──────── Material to process

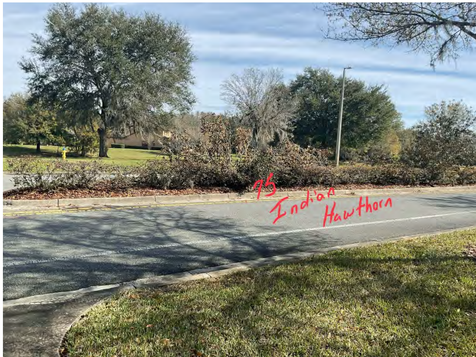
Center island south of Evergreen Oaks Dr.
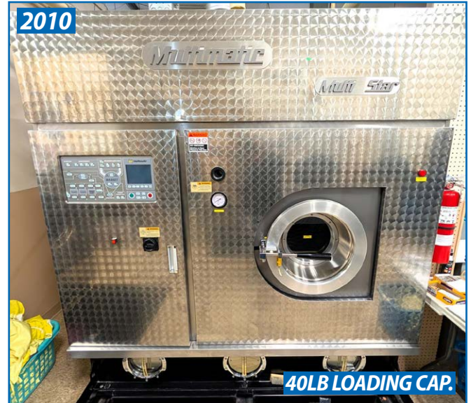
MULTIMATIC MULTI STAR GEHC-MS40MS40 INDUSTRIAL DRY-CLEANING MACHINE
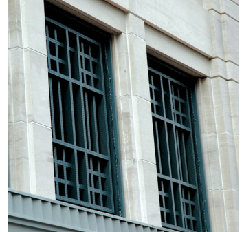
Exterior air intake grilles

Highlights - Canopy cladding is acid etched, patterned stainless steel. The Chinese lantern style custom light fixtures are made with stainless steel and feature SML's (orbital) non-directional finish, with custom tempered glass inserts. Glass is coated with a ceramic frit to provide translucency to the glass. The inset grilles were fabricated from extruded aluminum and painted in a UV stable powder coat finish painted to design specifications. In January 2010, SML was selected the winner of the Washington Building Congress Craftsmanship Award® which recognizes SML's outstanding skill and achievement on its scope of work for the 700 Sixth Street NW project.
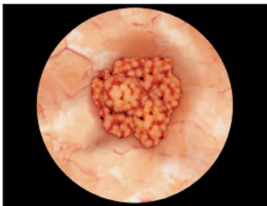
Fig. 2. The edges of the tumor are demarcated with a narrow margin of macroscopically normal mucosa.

────────────────
──────── Material to process

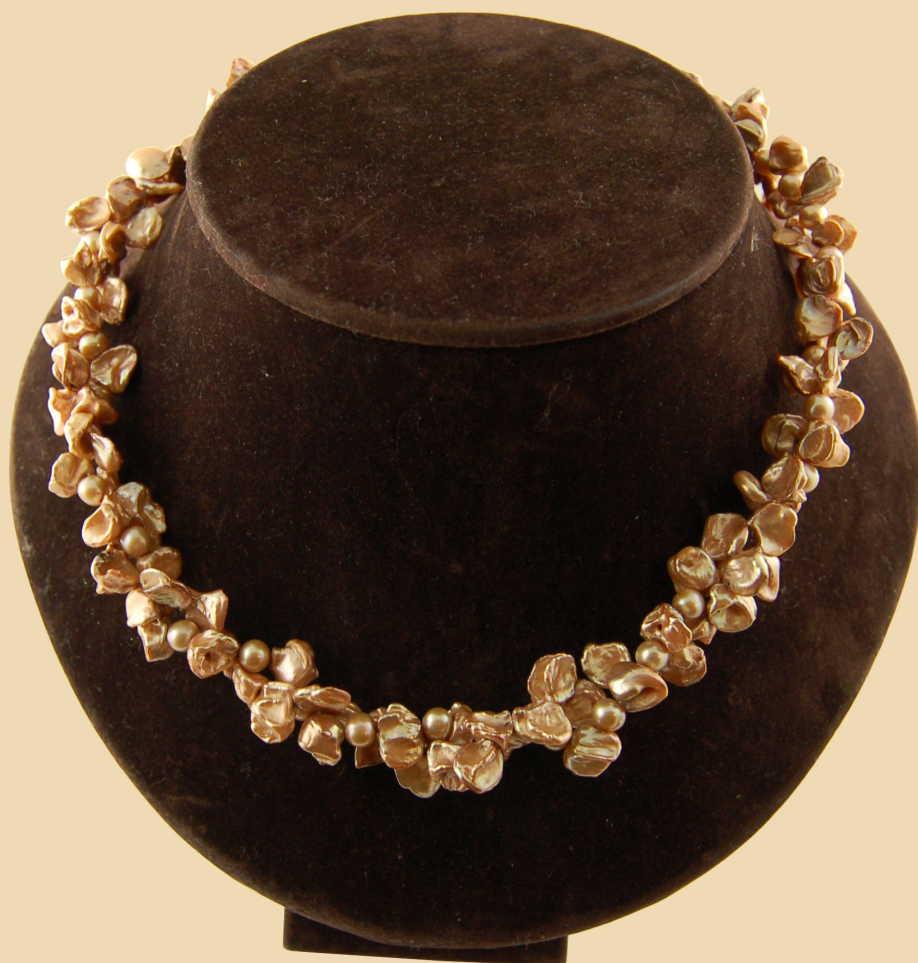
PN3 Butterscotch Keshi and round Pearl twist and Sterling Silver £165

────────────────

● Directions
Above are some records; extract exactly the lines from the one containing "Center island south of Evergreen Oaks Dr." through the one containing "Fig. 2. The" and drop the pictures.

● The completed task
Center island south of Evergreen Oaks Dr.
MULTIMATIC MULTI STAR GEHC-MS40MS40 INDUSTRIAL DRY-CLEANING MACHINE
Exterior air intake grilles

Highlights - Canopy cladding is acid etched, patterned stainless steel. The Chinese lantern style custom light fixtures are made with stainless steel and feature SML's (orbital) non-directional finish, with custom tempered glass inserts. Glass is coated with a ceramic frit to provide translucency to the glass. The inset grilles were fabricated from extruded aluminum and painted in a UV stable powder coat finish painted to design specifications. In January 2010, SML was selected the winner of the Washington Building Congress Craftsmanship Award® which recognizes SML's outstanding skill and achievement on its scope of work for the 700 Sixth Street NW project.
Fig. 2. The edges of the tumor are demarcated with a narrow margin of macroscopically normal mucosa.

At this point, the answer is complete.